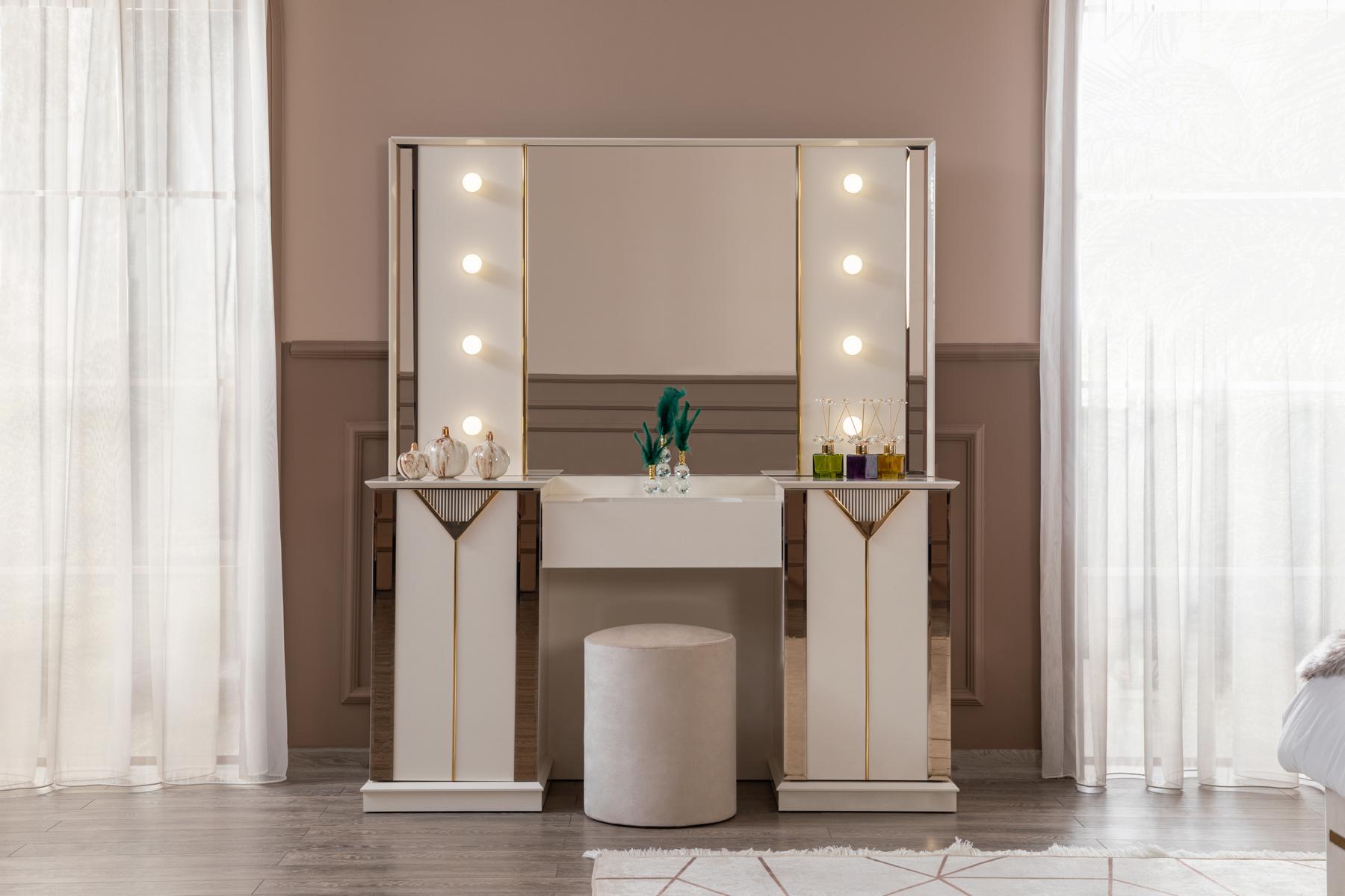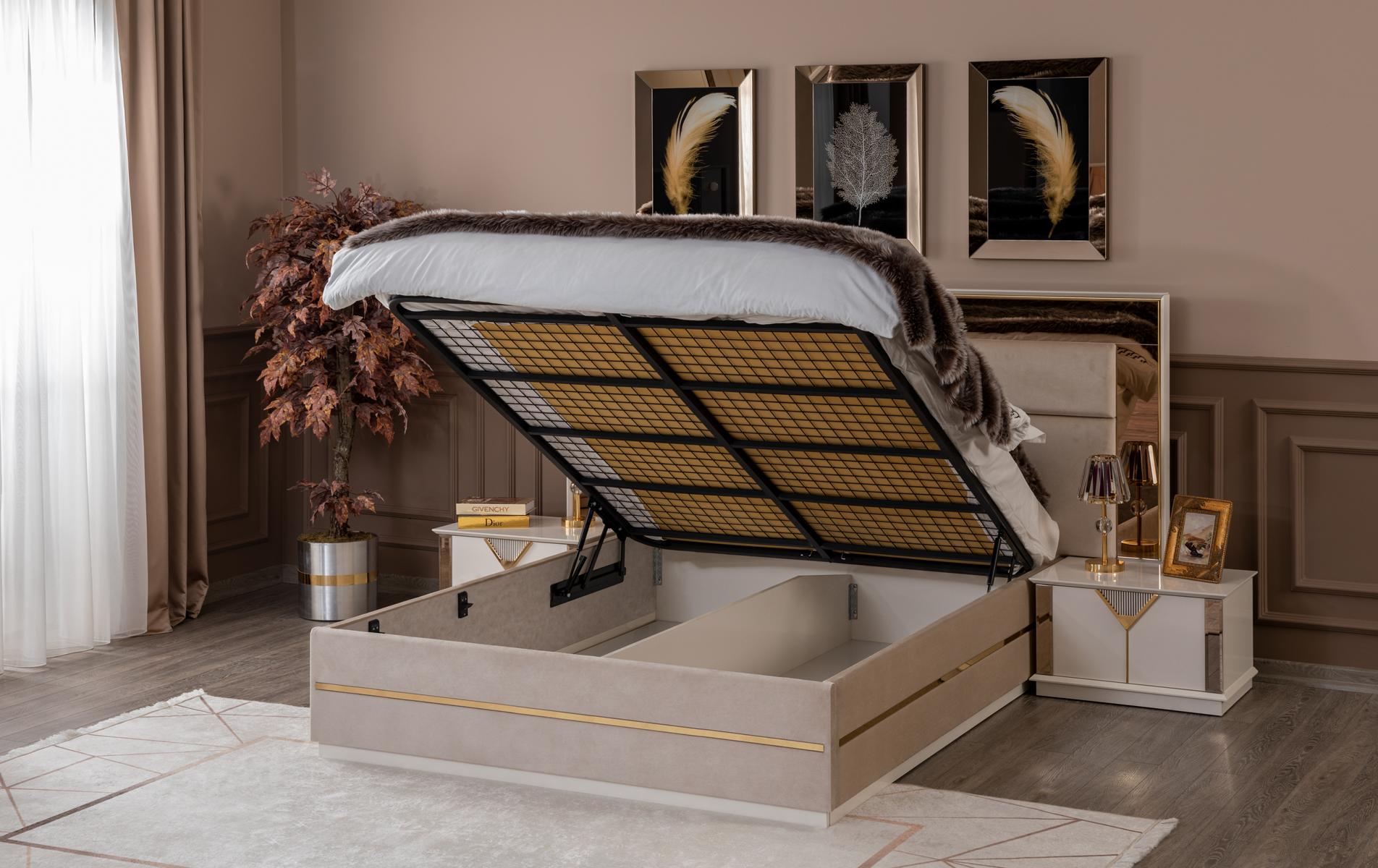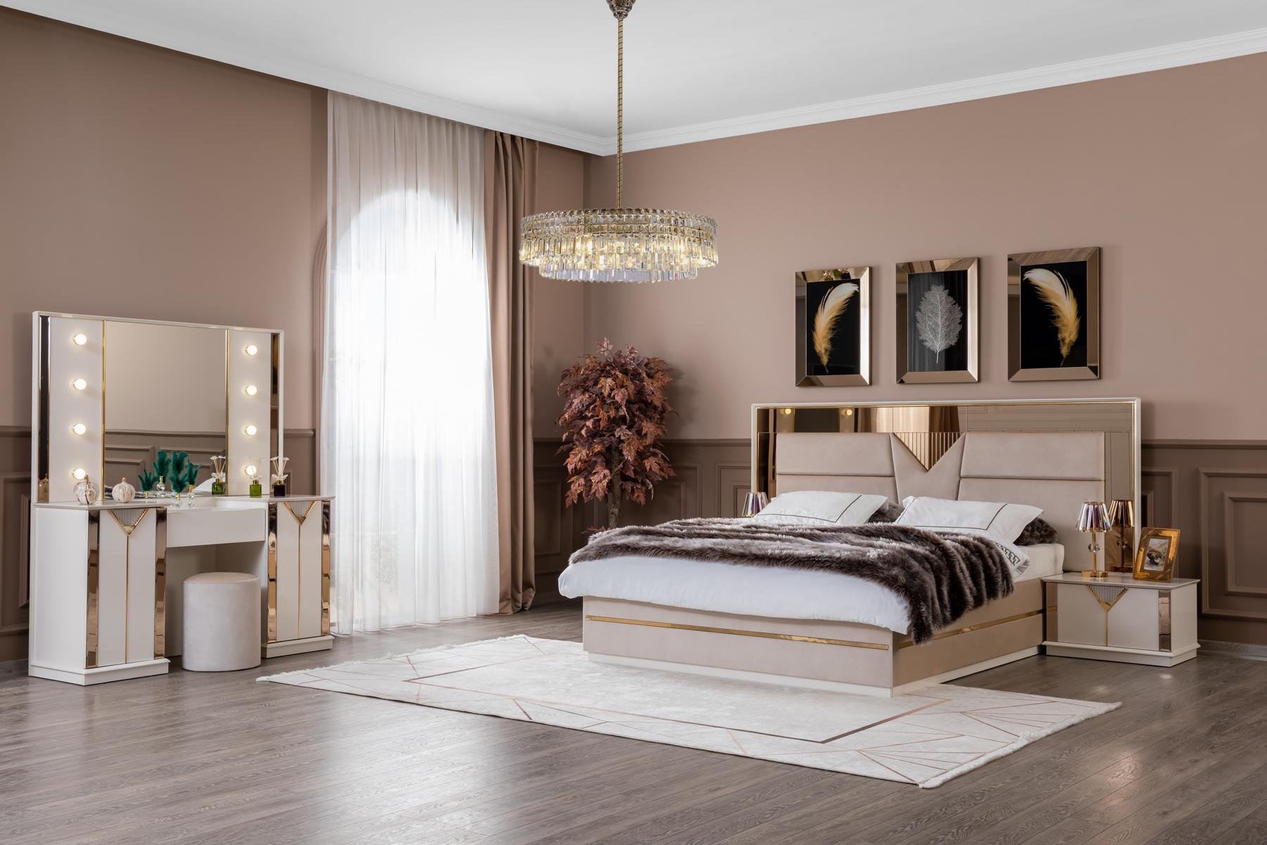 In deze slaapkamer set komen functie en stijl samen, wat zorgt voor een harmonieuze en luxueuze sfeer in elke slaapkamer. Het ruime ligoppervlak van het bed biedt ultiem comfort en rustgevende nachten. De nachtkastjes zijn perfect om essentiële items binnen handbereik te houden, terwijl de make-up tafel met spiegel een prachtige ruimte creëert voor het klaarmaken voor de dag. Zowel voor individueel gebruik als voor koppels is deze set een duurzame investering in kwaliteit en design.
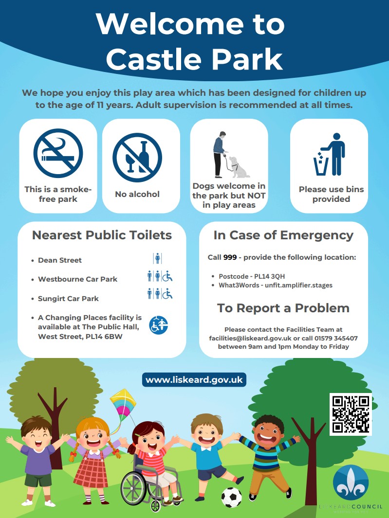 To report an issue at Castle Park please contact facilities@liskeard.gov.uk.
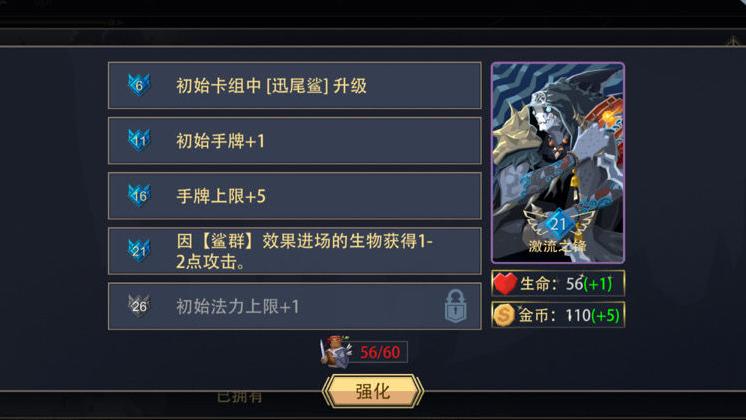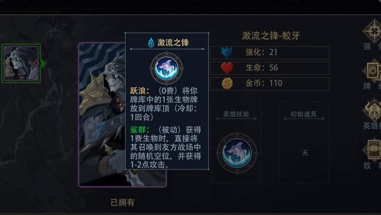 被动技能可使除初始手牌外所有一费生物自动登场,配合主动技能便于前期迅速铺场。专属卡鲨鱼具备速攻属性,角色达到21级后解锁鲨群效果,通关便水到渠成。
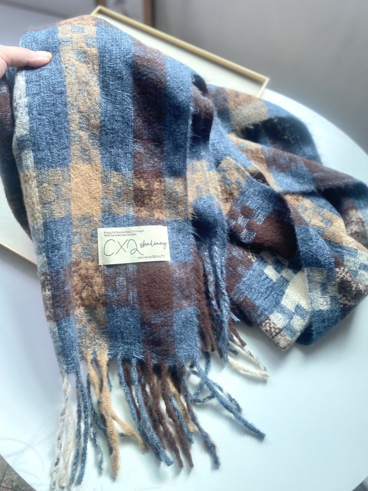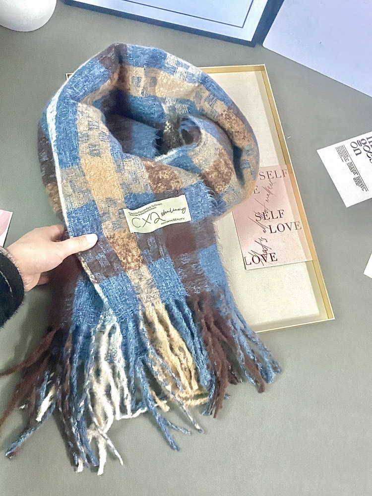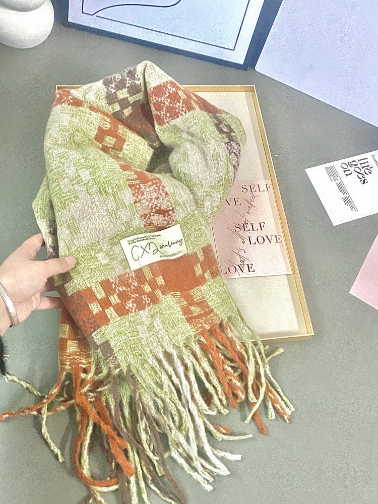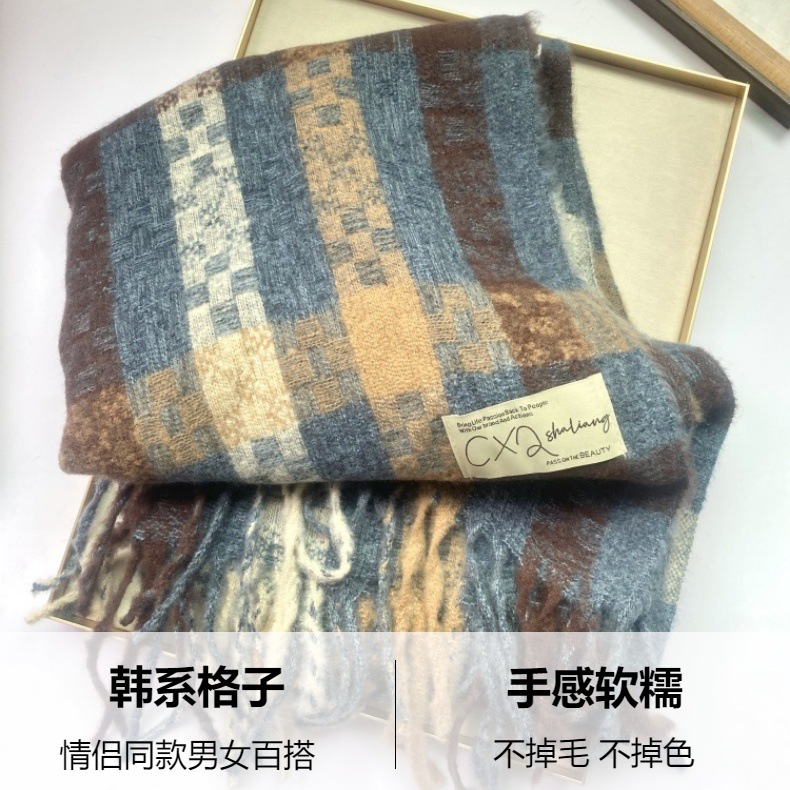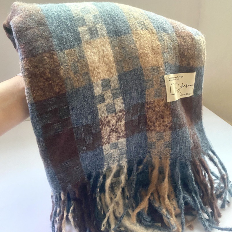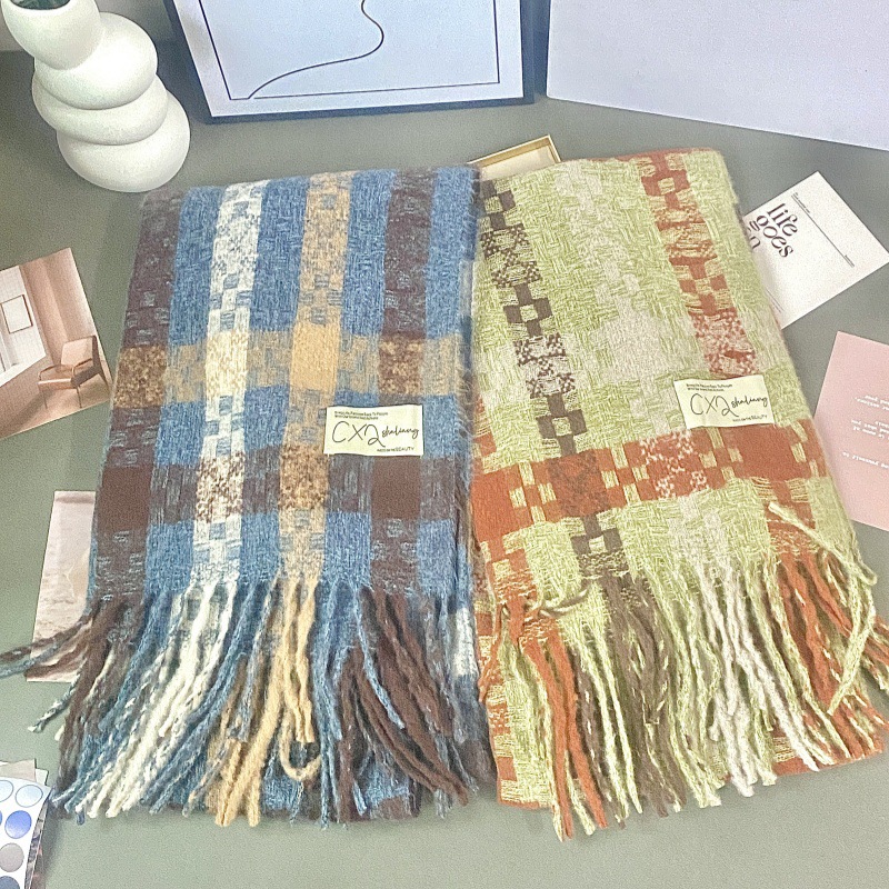 2024 한국 고급 격자 무늬 술 스카프 여성 INS 따뜻한 두꺼운 긴 목 가을과 겨울 커플 목도리스토어 가기

▶ **WHAT NEEDS TO BE DONE**
Please give the data above again in exact form and omit every picture.

▶ **SOLUTION TO THIS TASK**
 In deze slaapkamer set komen functie en stijl samen, wat zorgt voor een harmonieuze en luxueuze sfeer in elke slaapkamer. Het ruime ligoppervlak van het bed biedt ultiem comfort en rustgevende nachten. De nachtkastjes zijn perfect om essentiële items binnen handbereik te houden, terwijl de make-up tafel met spiegel een prachtige ruimte creëert voor het klaarmaken voor de dag. Zowel voor individueel gebruik als voor koppels is deze set een duurzame investering in kwaliteit en design.
 To report an issue at Castle Park please contact facilities@liskeard.gov.uk.
 被动技能可使除初始手牌外所有一费生物自动登场,配合主动技能便于前期迅速铺场。专属卡鲨鱼具备速攻属性,角色达到21级后解锁鲨群效果,通关便水到渠成。
 2024 한국 고급 격자 무늬 술 스카프 여성 INS 따뜻한 두꺼운 긴 목 가을과 겨울 커플 목도리스토어 가기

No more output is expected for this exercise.